| Task |
Once you reach the line containing "为保障教育实习工作高质量开展", return it and every line after it exactly, through the end of the records below, with no pictures.

| Records shown |

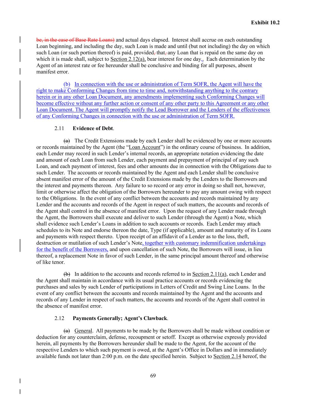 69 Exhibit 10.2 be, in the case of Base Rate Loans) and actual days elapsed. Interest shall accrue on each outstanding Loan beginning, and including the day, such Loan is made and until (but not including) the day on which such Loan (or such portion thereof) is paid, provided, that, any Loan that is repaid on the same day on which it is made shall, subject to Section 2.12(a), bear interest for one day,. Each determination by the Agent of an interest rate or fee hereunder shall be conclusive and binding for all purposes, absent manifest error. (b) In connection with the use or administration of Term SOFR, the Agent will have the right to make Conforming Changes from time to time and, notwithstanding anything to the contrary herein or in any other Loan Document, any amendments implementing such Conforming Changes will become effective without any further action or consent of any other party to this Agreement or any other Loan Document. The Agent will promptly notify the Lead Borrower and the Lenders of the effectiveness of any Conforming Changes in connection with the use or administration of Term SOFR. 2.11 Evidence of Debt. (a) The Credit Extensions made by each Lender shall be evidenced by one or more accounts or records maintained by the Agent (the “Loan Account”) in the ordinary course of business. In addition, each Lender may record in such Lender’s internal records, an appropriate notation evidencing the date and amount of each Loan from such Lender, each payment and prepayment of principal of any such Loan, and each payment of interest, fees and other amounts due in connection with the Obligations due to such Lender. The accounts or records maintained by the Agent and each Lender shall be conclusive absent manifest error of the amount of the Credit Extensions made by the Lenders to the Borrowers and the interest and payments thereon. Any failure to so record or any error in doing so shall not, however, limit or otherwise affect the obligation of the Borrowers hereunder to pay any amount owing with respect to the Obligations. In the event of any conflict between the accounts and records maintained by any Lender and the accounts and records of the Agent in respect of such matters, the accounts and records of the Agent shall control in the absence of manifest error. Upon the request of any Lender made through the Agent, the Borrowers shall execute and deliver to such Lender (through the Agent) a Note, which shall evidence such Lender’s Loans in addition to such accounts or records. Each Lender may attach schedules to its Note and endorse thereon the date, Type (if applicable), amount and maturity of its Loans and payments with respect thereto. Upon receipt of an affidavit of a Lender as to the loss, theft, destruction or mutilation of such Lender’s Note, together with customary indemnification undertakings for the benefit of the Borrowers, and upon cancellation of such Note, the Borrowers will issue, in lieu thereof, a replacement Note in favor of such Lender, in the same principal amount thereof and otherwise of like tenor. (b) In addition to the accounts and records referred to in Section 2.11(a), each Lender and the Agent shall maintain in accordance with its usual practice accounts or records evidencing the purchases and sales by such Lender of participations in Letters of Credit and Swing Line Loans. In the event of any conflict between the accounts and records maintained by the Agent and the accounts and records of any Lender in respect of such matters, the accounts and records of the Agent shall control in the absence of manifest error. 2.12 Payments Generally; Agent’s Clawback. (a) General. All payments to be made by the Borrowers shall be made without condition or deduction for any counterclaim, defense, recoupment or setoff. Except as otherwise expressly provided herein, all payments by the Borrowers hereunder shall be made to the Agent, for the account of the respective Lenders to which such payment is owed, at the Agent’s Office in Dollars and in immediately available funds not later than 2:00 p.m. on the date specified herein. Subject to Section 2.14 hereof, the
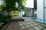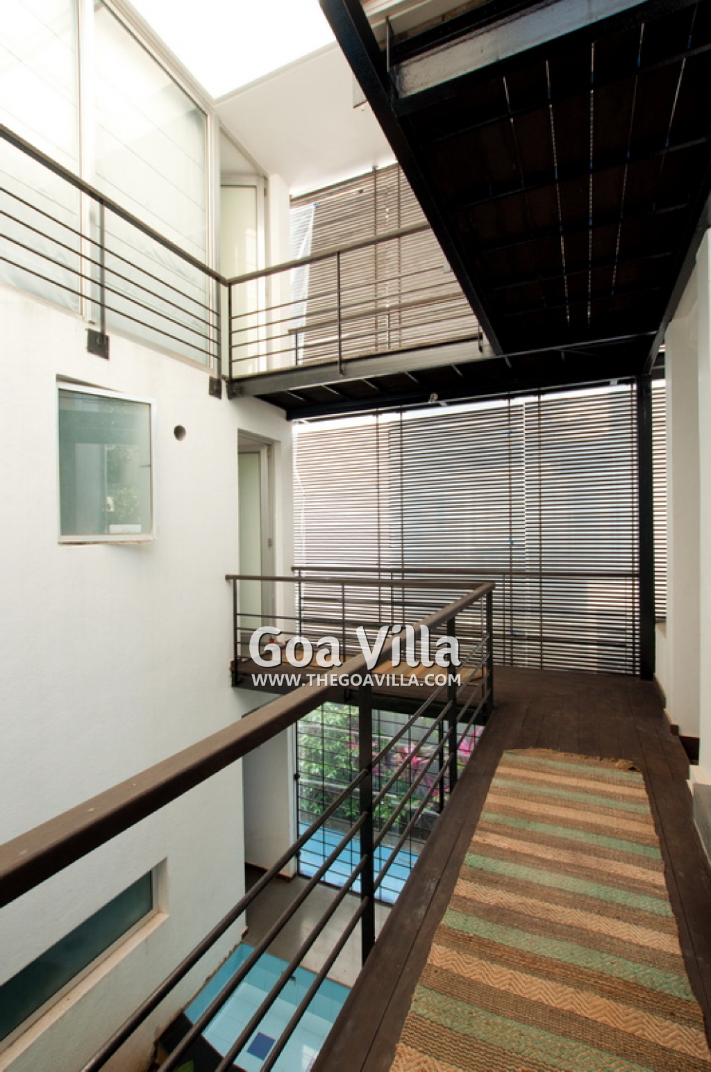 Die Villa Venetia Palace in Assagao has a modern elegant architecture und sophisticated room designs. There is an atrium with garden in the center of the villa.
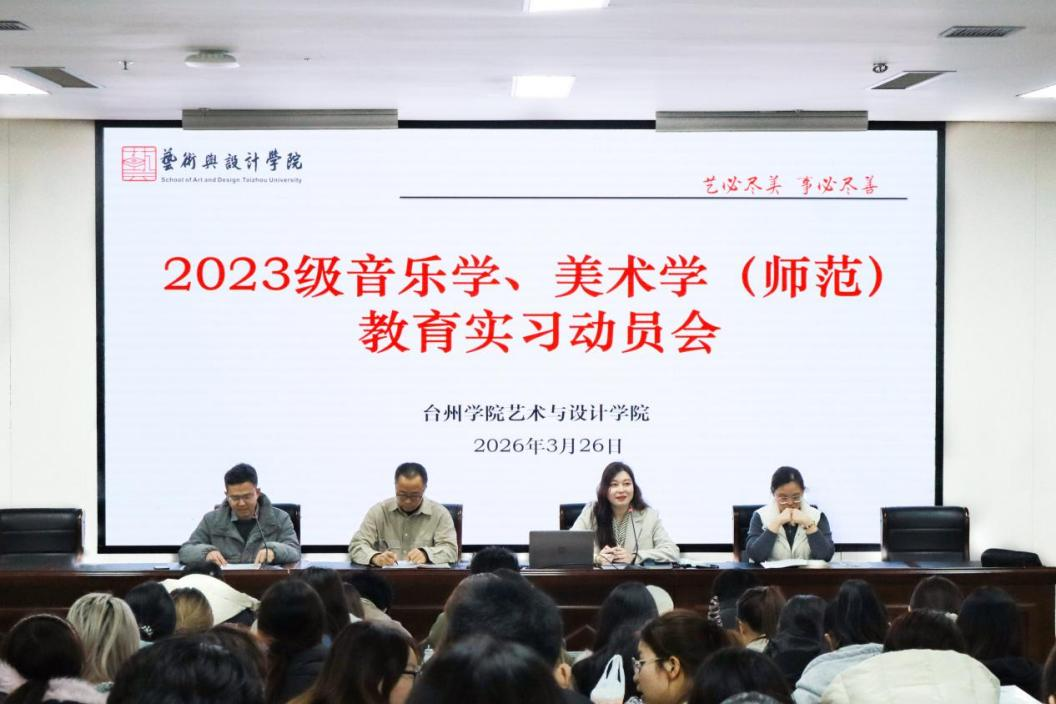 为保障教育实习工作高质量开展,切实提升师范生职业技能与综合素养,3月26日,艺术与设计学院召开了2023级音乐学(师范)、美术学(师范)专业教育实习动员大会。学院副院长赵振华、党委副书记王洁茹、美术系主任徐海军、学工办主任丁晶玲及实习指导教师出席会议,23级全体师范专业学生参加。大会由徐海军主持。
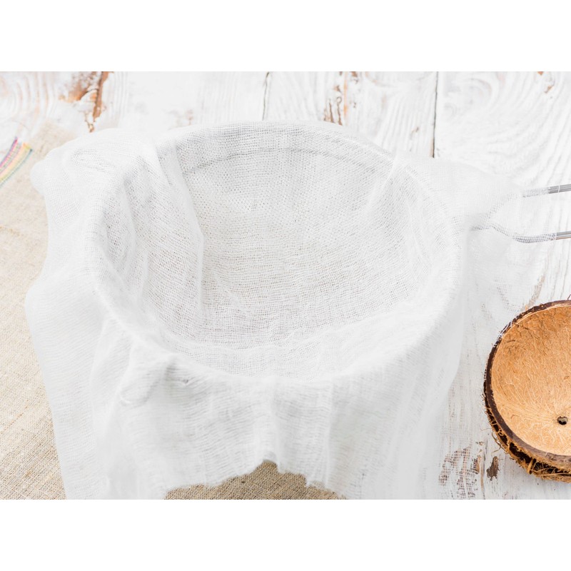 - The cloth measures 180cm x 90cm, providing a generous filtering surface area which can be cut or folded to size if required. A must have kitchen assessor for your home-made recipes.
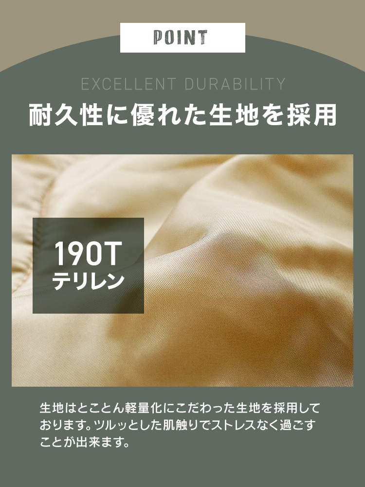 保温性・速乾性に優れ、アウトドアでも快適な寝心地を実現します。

| Expected answer |
 为保障教育实习工作高质量开展,切实提升师范生职业技能与综合素养,3月26日,艺术与设计学院召开了2023级音乐学(师范)、美术学(师范)专业教育实习动员大会。学院副院长赵振华、党委副书记王洁茹、美术系主任徐海军、学工办主任丁晶玲及实习指导教师出席会议,23级全体师范专业学生参加。大会由徐海军主持。
 - The cloth measures 180cm x 90cm, providing a generous filtering surface area which can be cut or folded to size if required. A must have kitchen assessor for your home-made recipes.
 保温性・速乾性に優れ、アウトドアでも快適な寝心地を実現します。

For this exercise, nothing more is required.